HOW TO ASSEMBLE CHICKEN QUESADILLA

  • Heat a skillet or griddle on medium-high heat. Grease the skillet with some oil. Place a flour tortilla in the skillet. The top half of the tortilla with a layer of cheese, chicken-pepper-onion mixture, and some more grated cheese.
  • Fold the other half of the tortilla over, and cook for 2-3 minutes, or until golden.
    Note: I use a lid, to apply some weight evenly, for the extra crispy quesadilla. You can use the spatula as well.
  • Apply some oil on top of the tortilla, carefully flip the quesadilla to the other side, and cook until golden. Repeat with remaining quesadillas.
  • Slice the quesadilla into wedges, and serve with Pico de Gallo and a dollop of sour cream. Enjoy!!

HOW TO MAKE PICO DE GALLA

  • In a bowl, combine all the ingredients – chopped tomatoes, chopped onions, chopped jalapeno, and a handful of fresh cilantro. Squeeze fresh lemon juice, and salt to taste. Mix well to combine. Enjoy homemade Pico De Gallo!!

Notes

Use 2 tablespoons of store-bought TACO seasoning, instead of homemade seasoning. 
You can also use 2 large boneless, skinless, chicken breasts for this recipe.
Please use timing as a guideline.

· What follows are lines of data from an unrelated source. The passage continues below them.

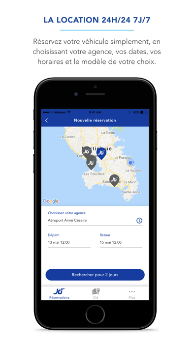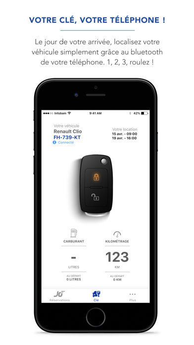 Réservez en 1 clic : - Choisissez le territoire sur lequel vous souhaitez effectuer votre location (Martinique, Guadeloupe, Guyane, Réunion). - Réservez votre véhicule parmi une gamme de véhicules neufs, de qualités et aux grandes finitions. Simplifiez-vous la vie : - Renseignez vos informations personnelles et transmettez votre permis de conduire. N’attendez-plus : - Rendez-vous facilement à votre véhicule grâce au système de localisation de votre smartphone. Gardez confiance : - Effectuez votre état des lieux en toute simplicité grâce à l’appareil photo de votre smartphone, accessible directement depuis l’application. Soyez émerveillé ! : - Ouvrez votre véhicule avec la clef virtuelle sur l’écran de votre smartphone. - Roulez ! Attention : l’utilisation de Jo nécessite une connexion internet fonctionnelle pour le téléchargement de votre clef virtuelle et la transmission de vos états des lieux. Si, lors de votre arrivée, votre connexion internet n’est pas disponible, rendez-vous dans le hall de l’aéroport et connectez votre téléphone au wifi de l’aéroport pour télécharger votre clef ! Un problème de batterie ? Tous les véhicules Jo sont équipés de cartes RFID sur laquelle vous pouvez très facilement transférer votre clef virtuelle. Celle-ci vous servira alors à verrouiller et déverrouiller votre véhicule pendant la durée de votre location. Vous pourrez à tout moment rebasculer la clef sur votre téléphone.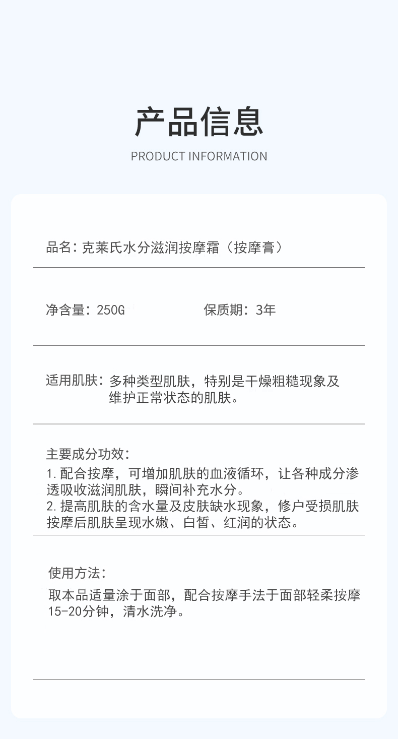 克莱氏水分滋润按摩霜250g补水滋润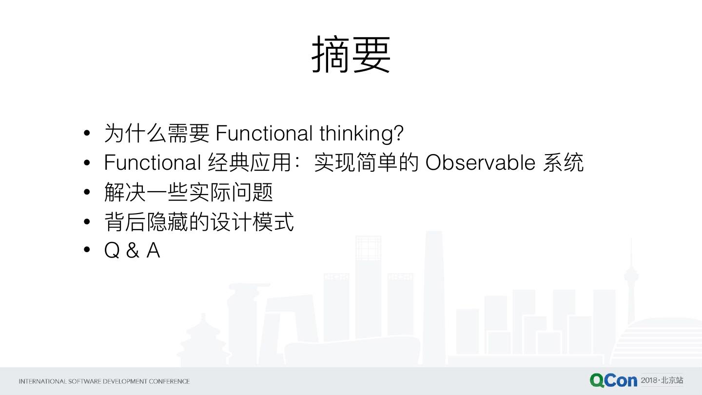 3 . 摘要 • 为什什么需要 Functional thinking? • Functional 经典应⽤用:实现简单的 Observable 系统 • 解决⼀一些实际问题 • 背后隐藏的设计模式 • Q&A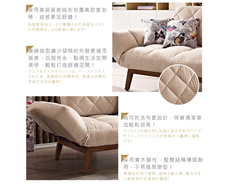 沙發採用高級絨布,抱枕採用精選棉麻布,觸感舒適,細緻極具質感!

Depending upon the size of the chicken pieces, adjust the cooking time.
Please refer to the post for the following:
  1. PRO TIPS FOR BEST CHICKEN QUESADILLA
  2. VARIATIONS TO THIS CHICKEN QUESADILLA
  3. FREQUENTLY ASKED QUESTIONS

Disclaimer

Nutrition values are my best estimates. If you rely on them for your diet, use your preferred nutrition calculator.